As I think back on some of those stories and how I was always trying to upend things a bit, throw curveballs out there to get laughs from a curly-haired chucklehead, I think about our own ability or inability to change. As adults we fall in to patterns. We learn to calculate what is probable. We shrug of the fantastic.
Yesterday my mom texted me to say she was thinking about reaching out to my ex-fiancee, B. She didn’t want to do it behind my back. She said she had come across pictures of us from last Thanksgiving. I asked her to send them to me…. I also think my mom has been checking my site several times a day, reading everything I post… Either way, something has spurred her to want to reach out. This is one possible problem of putting it all out there – you don’t know what shit you’re stirring up. I told my mom what I always tell her – I’m neither going to encourage her nor stop her. I believe people should tell people what they’re thinking and feeling – especially if it’s along the lines of “I miss you. I’m thinking of you. I love you.” We don’t hear those things nearly enough in this world, and we don’t say them nearly enough.
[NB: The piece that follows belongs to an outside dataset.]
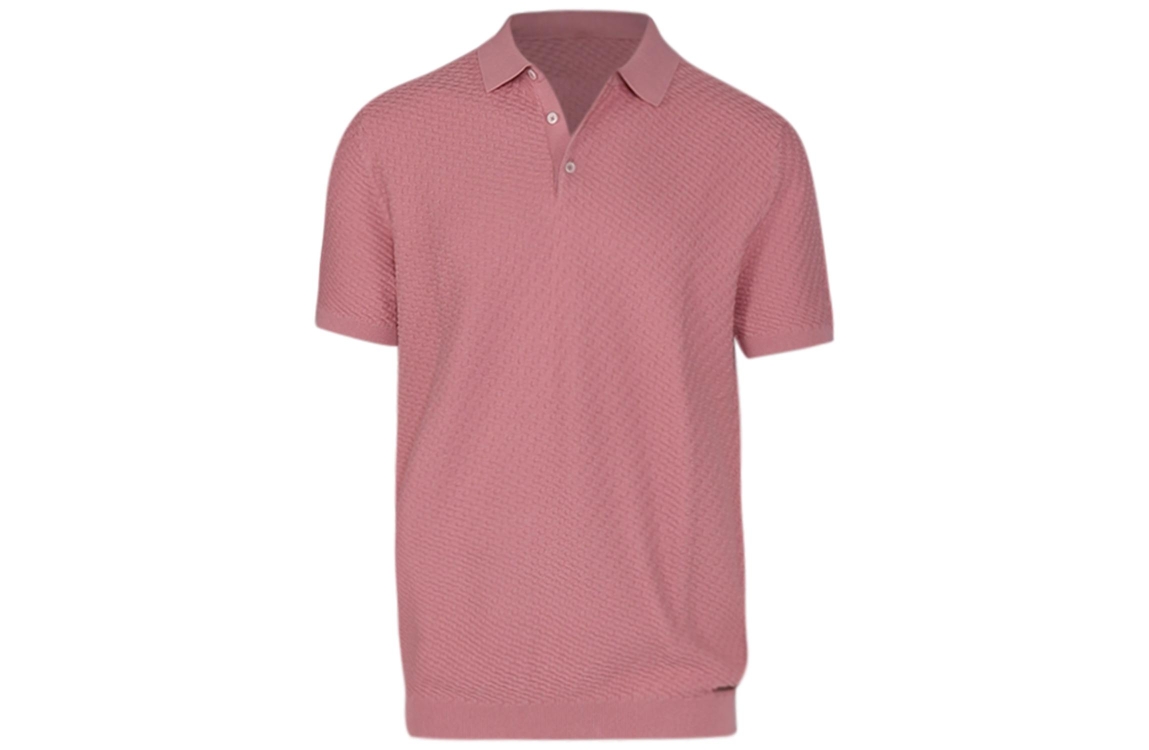 Scotland Blue polo kalvin pullover structure. Dit regular fit model heeft korte mouwen en een omgeslagen kraag. Deze snoep roze polo van Scotland Blue heeft een gebreide ribbel structuur en sluit door knopen.

As of this morning, my mom still hadn’t written to B, and wanted my opinion on it. I asked her to think about what she wants to say and why she wants to say it. Is there an outcome she’s hoping for? She said “to get some feelings off of my chest.” I suggested that while that might help her, would it be helpful to B? She acknowledged that yeah, it might stress her out OR she might reflect on the past. In this moment, I found myself saying that if she’s going to reflect, it has to be on her terms. More importantly, I told my mom that as much as I would love to be missed, B has had a lot of loss in her life, and I’m not sure that I (or we) register. And that’s the role we play…. the people being left behind always hoping to be remembered – because that’s all we’re left with.
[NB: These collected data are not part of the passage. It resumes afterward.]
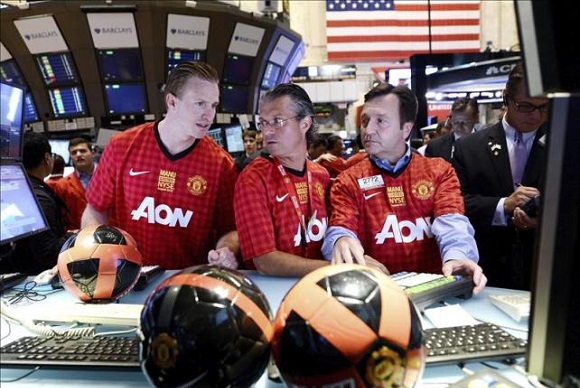 Otro caso algo más especial ha sido el del Manchester United, otro de los pocos clubes con ganancias en bolsa. Como bien he explicado al principio del artículo, el Manchester United empezó a cotizar en 1991, pero años más tarde, en mayo 2005, Malcolm Glazer (propietario de los Tampa Bay Buccaneers) se hizo con el control del equipo de fútbol, lo que le permitió excluir de bolsa sus acciones. Sin embargo, en el verano de 2012 y por necesidad urgente de liquidez, se decidió que el equipo volviese a cotizar, pero esta vez en el NYSE (la bolsa estadounidense).
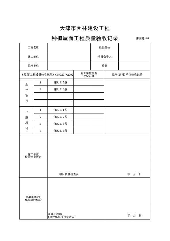 表格名称:天津市园林建设工程种植屋面工程质量验收记录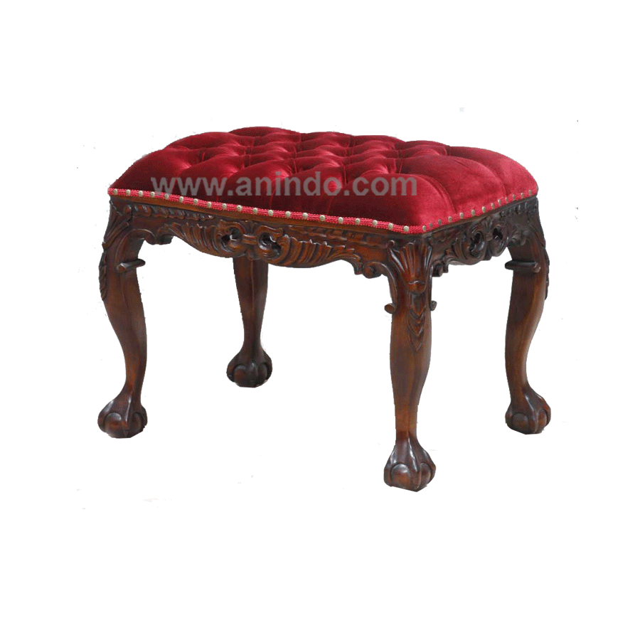 Chippendale leg stool is made of solid mahogany wood in walnut finish. Upholstered in red ...

The other day I was writing about waiting as a feminine posture. I speculated, I think, that there are those who leave and those who wait. I usually fall into the group of people who wait. One thing B said to me after leaving was that once she leaves, she never goes back. As a believer in love above all else, I’ll never understand this stance – how can one be so certain, so closed off to life’s possibilities (I love the idea of a reunion as the happy ending). My conversation with my mom this morning made me think about the roles we play and the narrative of our lives. Did B assume the role of the one who leaves and never looks back, never comes back? Has she always played that role? Am I stuck in the role of the one who waits, alone in the doorway, hoping to be remembered, never to reunite? I used to watch out the window as my dad left on the nights he came to visit us. Is that just who I am?
And this is when I like to think about the “why not” questions. Can’t we just introduce a plot twist? Isn’t that how it all started in the first place? One in which the story is heading in one direction (two lovers on different paths) and maybe instead of alligators, a hot air balloon appears. Couldn’t life be as simple as climbing in and floating away? Maybe it carries us over fields of wheat and sunflowers, crosses hills and follows coastlines, floats on and on through day and night. And just as dawn begins to break, we touch down somewhere new, somewhere with lots of sun and white puffy clouds – a place neither of us have ever been. I want to live in a world full of possibilities. I want to live in a world where it’s still safe to dream. A world where the roles aren’t determined by how we’ve always been (one who leaves or one who waits). A world with plot twists like falling in love and getting carried away. Love seems to be one of those rare things that truly creates and transforms – takes us somewhere outside of ourselves, somewhere foreign and wonderful. This is what magic looks and feels like, and don’t we all want a little more magic in our lives?